| WHAT TO DO |
What is needed is a word-for-word transcript of the listing, free of pictures.
** Opening DATA block **
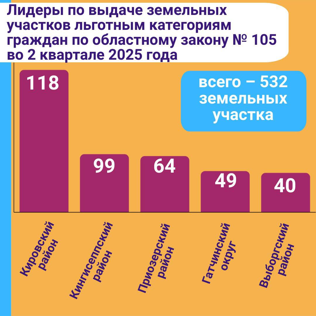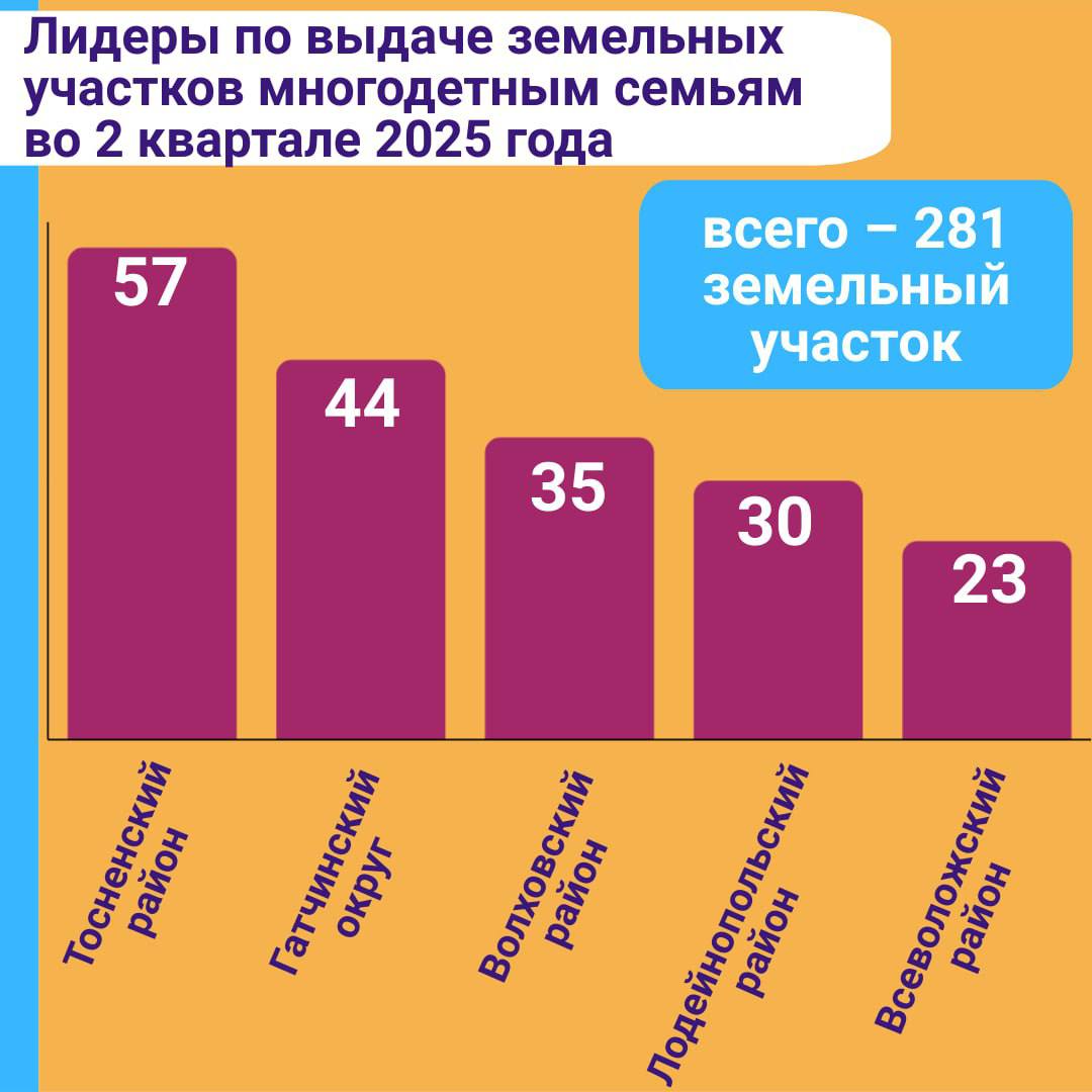 ❗️ В Ленобласти многодетным семьям за второй квартал 2025 года выдали 281 земельный участок
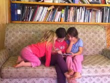 | Kaelynn (8) and Rose (5) work on a creative animated storytelling project together using Toontastic while Sarah (3) watches. |
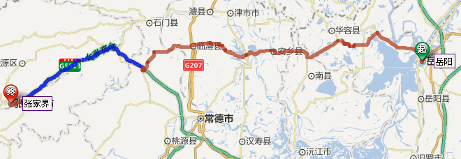 岳陽(yáng)市到張家界自駕車路線圖
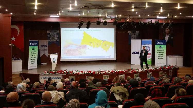 KOCAELİ (İGFA) - Kocaeli Üniversitesi, Kocaeli İl Afet ve Acil Durum Müdürlüğü, Çayırova Belediyesi ve Büyükşehir Belediyesi İmar ve Şehircilik Dairesi Başkanlığı Zemin ve Deprem İnceleme Şube Müdürlüğü tarafından ortaklaşa düzenlenen "Kocaeli Mahalle Halkı Afetlere Hazırlık Eğitim Projesi" kapsamında Çayırova'da 2 günlük eğitim gerçekleştirildi.
** Closing DATA block **
| WRITTEN SOLUTION |
 ❗️ В Ленобласти многодетным семьям за второй квартал 2025 года выдали 281 земельный участок
 | Kaelynn (8) and Rose (5) work on a creative animated storytelling project together using Toontastic while Sarah (3) watches. |
 岳陽(yáng)市到張家界自駕車路線圖
 KOCAELİ (İGFA) - Kocaeli Üniversitesi, Kocaeli İl Afet ve Acil Durum Müdürlüğü, Çayırova Belediyesi ve Büyükşehir Belediyesi İmar ve Şehircilik Dairesi Başkanlığı Zemin ve Deprem İnceleme Şube Müdürlüğü tarafından ortaklaşa düzenlenen "Kocaeli Mahalle Halkı Afetlere Hazırlık Eğitim Projesi" kapsamında Çayırova'da 2 günlük eğitim gerçekleştirildi.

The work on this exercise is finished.